2. soit la constitution d’une gigantesque « bad bank » où les actifs compromis sont rachetés par l’Etat puis gérés par lui à ses risques et périls. Cette solution est malaisée pour deux raisons :
a. comment fixer le prix de rachat de la myriade d’actifs compromis ? S’il est trop bas, on n’aide pas les banques à sortir de leurs difficultés
b. et s’il est élevé (artificiellement), on fait un gigantesque cadeau aux actionnaires privés.
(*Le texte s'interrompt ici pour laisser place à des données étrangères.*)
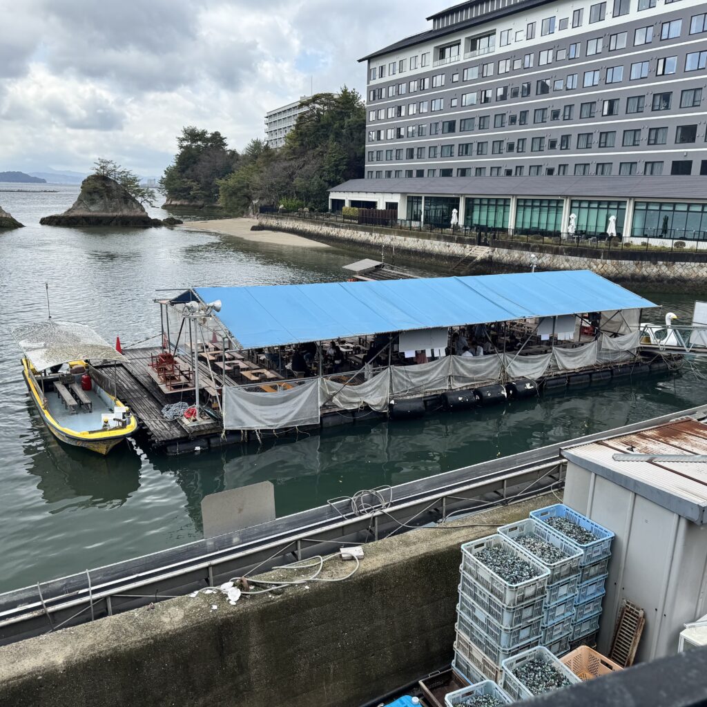 島田水産は1688年創業の広島かきの生産者。嚴島神社沖の波の穏やかな漁場で牡蠣の養殖を行っています。取材に伺った日は、最初雨が降っていましたが、雨が止んで青空が見えてくると水面がキラキラと輝いていました。遠くに厳島神社の鳥居も見える景観豊かな場所が漁場です。現在は約100台の筏で牡蠣を育てつつ、カキ小屋や、牡蠣の水揚げ体験や遊覧など観光事業も展開しています。漁場はこの厳島神社沖と江田島沖があるとのこと。気候や気温などに合わせて牡蠣筏を移動させているとのこと。この移動が大変で、筏を移動させるプロの業者に頼んでいるとのこと。そんなプロがいらっしゃるなんて!すごいですね。

Bonne chance, Barack ! Sa décision à venir est probablement un préalable au redémarrage de l’économie américaine, donc de l’économie mondiale, donc de l’économie française. Prions pour qu’il aille vite, c’est plus décisif que nos plans de relance.
"
Modestement,
C'est la 2ème solution qui a été choisie ?
Les Etats-Unis d'Europe euh... pardon
L'Union Européenne a-t-elle des problèmes comparables ?
Ne peut-elle agir en s'inspirant du moins en partie de la méthode Américaine ?
Sinon comment agir en en profitant éventuellement pour "mettre plus d'état" dans l'Europe ?
@ Fred
On est sur un problème de confiance. Un emprunt solidaire aura une propension plus forte à générer de la confiance qu'une somme d'emprunts individuels.
@ Chui Kalm
Hélas, oui, je crains la même chose que Peyrelevade, notamment avec les Credit Defauklt Swaps. Ces saloperies sont systématiquement hors-bilan et il paraît qu'elles représentent des montants monumentaux...
@L'Hérétique
ah..., là dur à appréhender si on n'est pas spécialiste, mais intuitivement quand même les Américains (USA) quand ils sont au pied du mur, normalement ils savent s'y mettre (plus unis).